La Iglesia dio a conocer este sábado un mensaje por la celebración de las Pascuas donde expresó su preocupación por los despidos masivos en Argentina. El presidente del Episcopado Argentino Monseñor Oscar Ojea advirtió por aquellos "grupos diversos de personas que quedan sin trabajo, gente que queda como al ‘costado del camino’". "Es tremenda esta herida", agregó.
“Queridos hermanos y hermanas, muy felices pascuas. Los frutos de la Pascua son la paz y la alegría que nos trae Jesús resucitado, pero la paz además de ser un don es una tarea; la paz se construye, no es un producto industrial, es artesanal”, expresa Ojea al comienzo del video dado a conocer por las redes oficiales del Episcopado.
En el mismo sentido remarcó que la solidaridad "se construye con el trabajo de cada día, con la vida de cada día, la cercanía, la entrega, y se construye con la solidaridad. Cuánta falta nos hace en este tiempo de emergencia, en este tiempo de crisis, en donde cuesta tanto la vida de cada día, ¡cuánta falta nos hace la solidaridad!”.

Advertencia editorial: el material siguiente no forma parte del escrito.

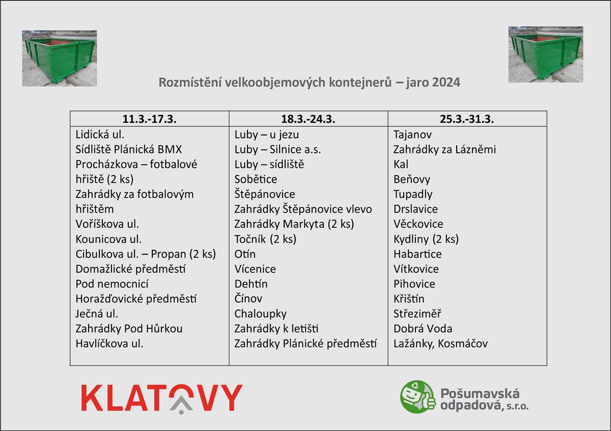 Město Klatovy upozorňuje občany města na rozmístění velkoobjemových kontejnerů (VOK) v období od 11.03. do 31.03.2024 na území města a v integrovaných obcích na označených stanovištích dle níže uvedeného rozpisu.

Para luego advertir: “Hemos recibido últimamente en la Conferencia Episcopal grupos diversos de personas que quedan sin trabajo, gente que queda como al ‘costado del camino’. Es tremenda esta herida”.
Embed - Mons. Oscar Ojea | Mensaje para el Domingo de Pascua 2024
En este marco, "el día que nos gane la globalización de la indiferencia, el día que se nos endurezca tanto el corazón, que no tengamos sensibilidad para estos hermanos y hermanas que quedan sin trabajo, es ese día no nos podemos llamar cristianos”.
“Ese día vamos a decir nos ocupamos solamente de nosotros mismos y los demás. Pidámosle al Señor esta gracia descubrir con una imaginación nueva la caridad cristiana. Siempre la Pascua nos da una nueva creatividad para poder crecer en el amor, para poder crecer en la caridad”, agregó el presidente del Episcopado Argentino.
Sobre el final recordó las palabras del papa Benedicto quien "nos enseñaba que la fe es un don de Dios. La fe nos libera del aislamiento del yo y nos lleva a la comunión, pero todo acto de fe es, en sí mismo y como tal, encuentro con los hermanos; es un acto que me lleva a ser más responsable de la vida de los demás. Pidámosle al Señor renovar esta fe que la necesitamos tanto. Muy felices Pascuas. Que Dios los bendiga”.